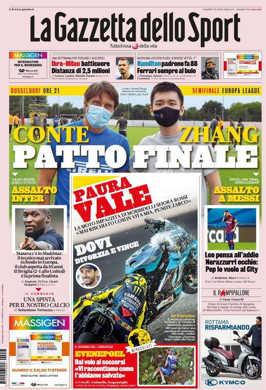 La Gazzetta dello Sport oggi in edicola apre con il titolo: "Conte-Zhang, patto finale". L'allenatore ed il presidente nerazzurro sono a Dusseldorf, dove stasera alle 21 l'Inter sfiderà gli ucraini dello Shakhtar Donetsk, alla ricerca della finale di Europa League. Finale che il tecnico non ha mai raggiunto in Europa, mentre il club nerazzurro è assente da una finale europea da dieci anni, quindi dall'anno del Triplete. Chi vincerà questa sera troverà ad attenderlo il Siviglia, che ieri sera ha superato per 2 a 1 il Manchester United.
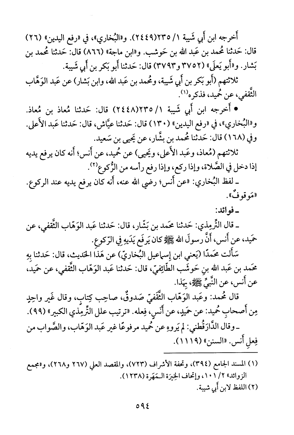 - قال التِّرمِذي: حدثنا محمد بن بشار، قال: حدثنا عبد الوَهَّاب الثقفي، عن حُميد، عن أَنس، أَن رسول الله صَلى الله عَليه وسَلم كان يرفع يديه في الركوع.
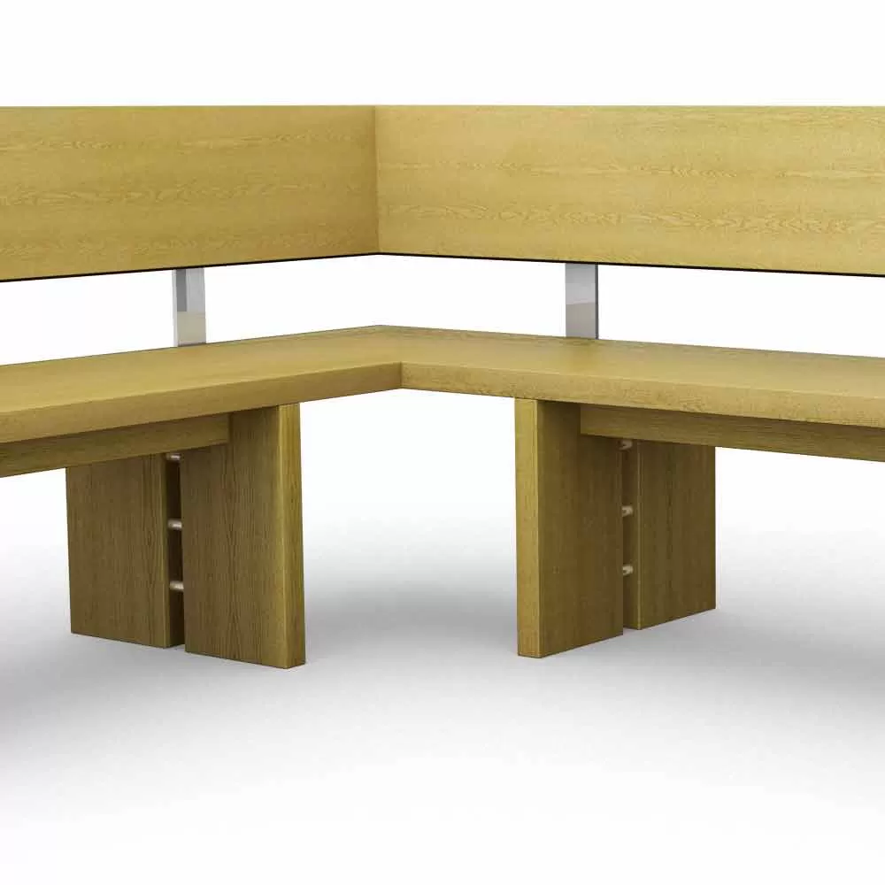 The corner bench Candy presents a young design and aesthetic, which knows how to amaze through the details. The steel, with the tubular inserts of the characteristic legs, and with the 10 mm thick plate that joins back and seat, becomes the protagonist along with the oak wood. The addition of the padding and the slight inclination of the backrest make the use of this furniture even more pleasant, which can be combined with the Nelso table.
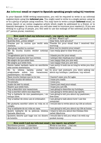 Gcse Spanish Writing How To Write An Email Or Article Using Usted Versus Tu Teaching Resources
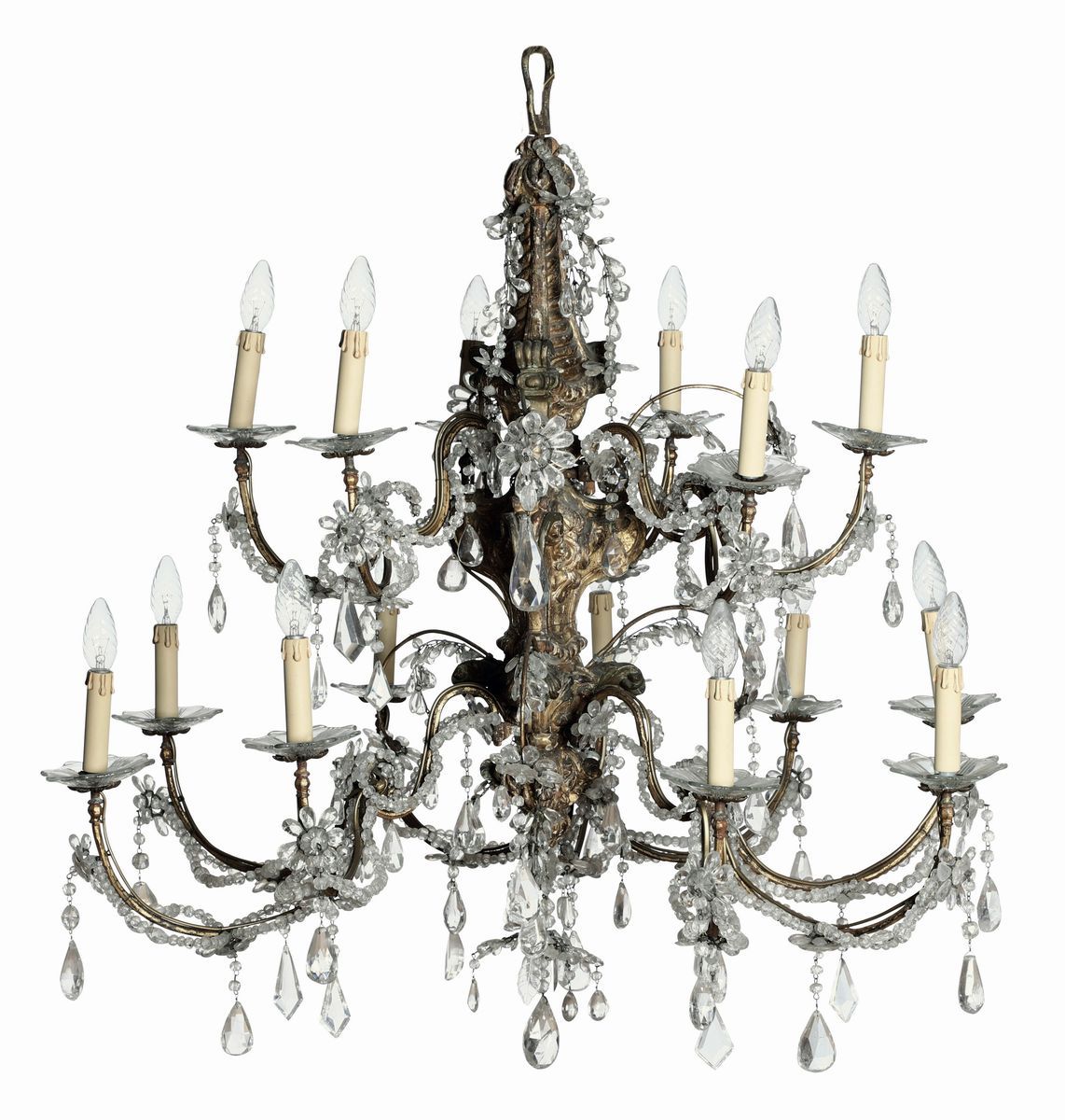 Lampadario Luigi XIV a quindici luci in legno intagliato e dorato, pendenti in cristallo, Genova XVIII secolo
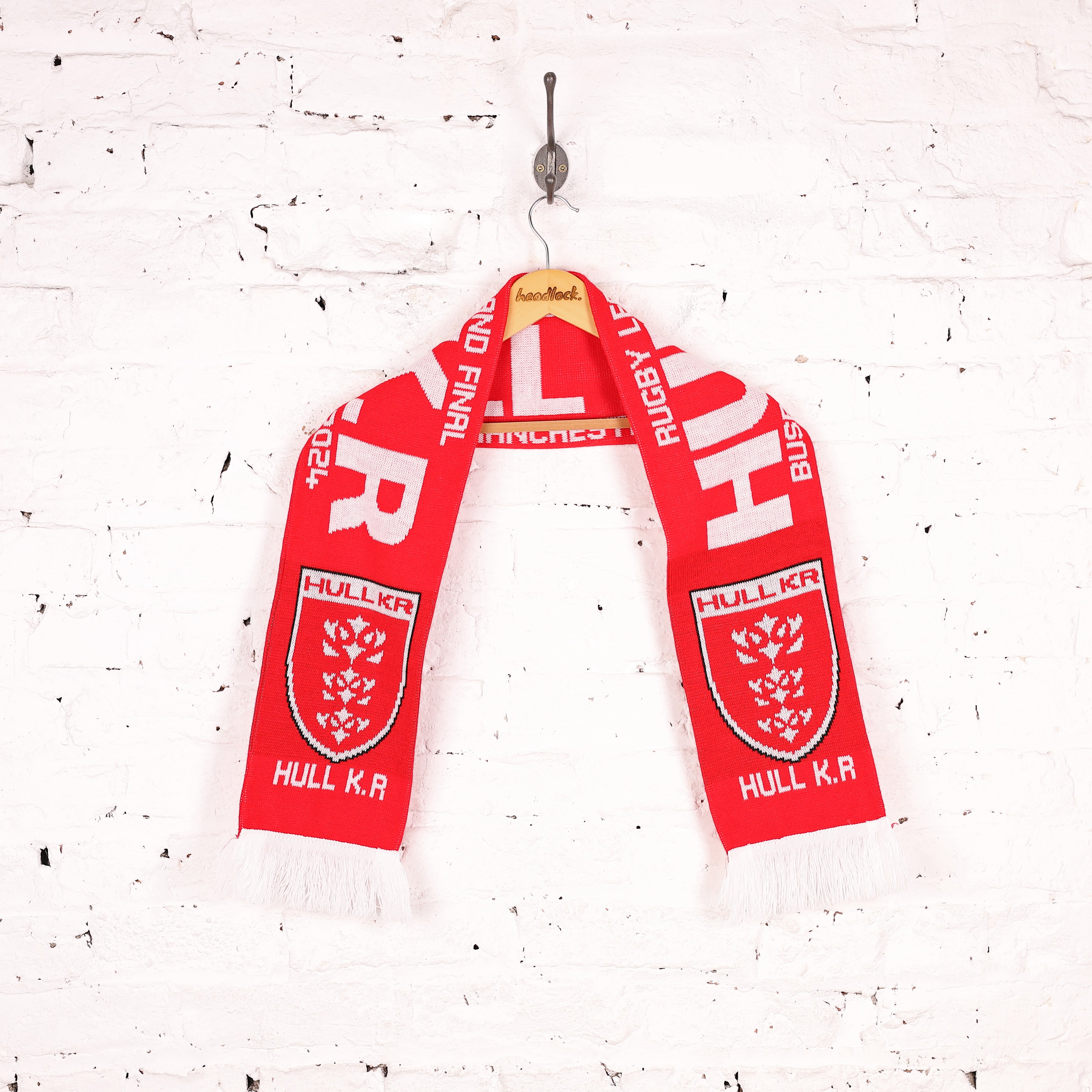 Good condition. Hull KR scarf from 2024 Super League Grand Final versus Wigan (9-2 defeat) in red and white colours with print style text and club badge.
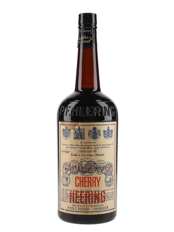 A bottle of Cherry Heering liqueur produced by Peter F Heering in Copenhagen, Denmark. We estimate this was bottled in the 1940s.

#### [Problem statement]
Retype all entries above verbatim; no pictures belong in the copy.

#### [Problem solution]
 La Gazzetta dello Sport oggi in edicola apre con il titolo: "Conte-Zhang, patto finale". L'allenatore ed il presidente nerazzurro sono a Dusseldorf, dove stasera alle 21 l'Inter sfiderà gli ucraini dello Shakhtar Donetsk, alla ricerca della finale di Europa League. Finale che il tecnico non ha mai raggiunto in Europa, mentre il club nerazzurro è assente da una finale europea da dieci anni, quindi dall'anno del Triplete. Chi vincerà questa sera troverà ad attenderlo il Siviglia, che ieri sera ha superato per 2 a 1 il Manchester United.
 - قال التِّرمِذي: حدثنا محمد بن بشار، قال: حدثنا عبد الوَهَّاب الثقفي، عن حُميد، عن أَنس، أَن رسول الله صَلى الله عَليه وسَلم كان يرفع يديه في الركوع.
 The corner bench Candy presents a young design and aesthetic, which knows how to amaze through the details. The steel, with the tubular inserts of the characteristic legs, and with the 10 mm thick plate that joins back and seat, becomes the protagonist along with the oak wood. The addition of the padding and the slight inclination of the backrest make the use of this furniture even more pleasant, which can be combined with the Nelso table.
 Gcse Spanish Writing How To Write An Email Or Article Using Usted Versus Tu Teaching Resources
 Lampadario Luigi XIV a quindici luci in legno intagliato e dorato, pendenti in cristallo, Genova XVIII secolo
 Good condition. Hull KR scarf from 2024 Super League Grand Final versus Wigan (9-2 defeat) in red and white colours with print style text and club badge.
 A bottle of Cherry Heering liqueur produced by Peter F Heering in Copenhagen, Denmark. We estimate this was bottled in the 1940s.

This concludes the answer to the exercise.